I told you so: the March employment report showed a slowdown in the leading sectors

I told you so: the March employment report showed a slowdown in the leading sectors

For the past few months, I have been forecasting a jobs slowdown. That has been based in part on the natural progression of a downturn in long leading indicators, then short leading indicators, and finally to coincident indicators of which jobs along with industrial production are the Queen and King, respectively.

Further, I have pointed out that, even when the spread between short and long term bonds simply gets tight, even if there is no outright inversion, employment growth almost always falters. And goods-producing employment – including manufacturing and construction jobs – has *always* faltered in the past 60 years.

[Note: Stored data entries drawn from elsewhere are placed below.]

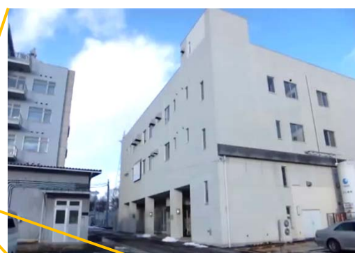
マイクロ・ナノマシニング 研究教育センター（MNC）
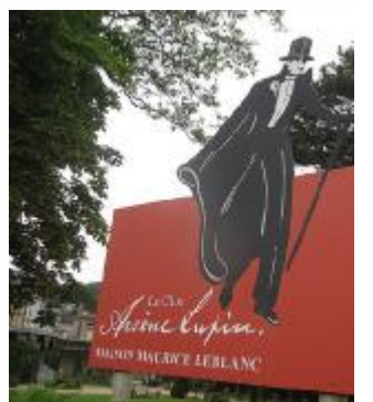
Etretat, casa Leblanc papà di Lupin
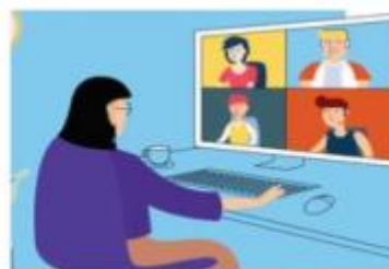
图 2 第二机位拍摄效果示意图

3. 提前进行网络测试,网络良好能满足复试要求,保障条件应包括:有线宽带网、WIFI、4G 或 5G 网络等两种以上网络条件,建议电脑采用有线宽带连接、手机采用 4G 或 5G 信号和 WIFI 双模式进行面试。手机和笔记本电脑须注意提前充满电,手机改为勿扰模式,防止考试期间电话接入干扰考试。
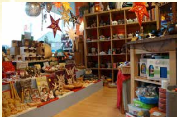
Der Bioladen „Biobunt“ bietet den Kunden ein vielfältiges Angebot.

der „Fairen Produktion“ und nachhaltigen Materialien, komplett mit LED ausgestattet, Goldlichter mit echtem Blattgold, Sterne in verschiedenen Größen sowie Naturkosmetik usw.. Leckeres Weihnachtsgebäck, Glühweine und alkoholfreie Punsche gehören zum Sortiment und auf Wunsch können auch weihnachtlich gestaltete Präsentkörbe zusammengestellt werden.
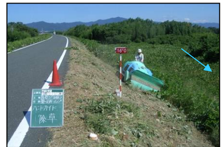
堤防維持管理工事

Finally, since temporary jobs are a well-known leading indicator for jobs as a whole, I have been expecting them to slow down if not turn down.

March’s jobs report  delivered all of this in spades.

But I received a little blowback on this point, suggesting that the declines were trivial or that I was retrospectively cherry-picking to support a Doomish hypothesis. Far from it: this is something I’ve been forecasting for months in specific sectors, and in the last three months, even in the face of big overall employment gains, it has shown up.

So, to set the record straight, before I get to the March graphs, let me recap the literally 15 times I warned of a coming slowdown in manufacturing, construction, and temporary jobs, and in the goods sector  generally. If you don’t want to read the “I told you so” part, just scroll right past number 15 to the bolded headline and you’ll get right to the March jobs graphs.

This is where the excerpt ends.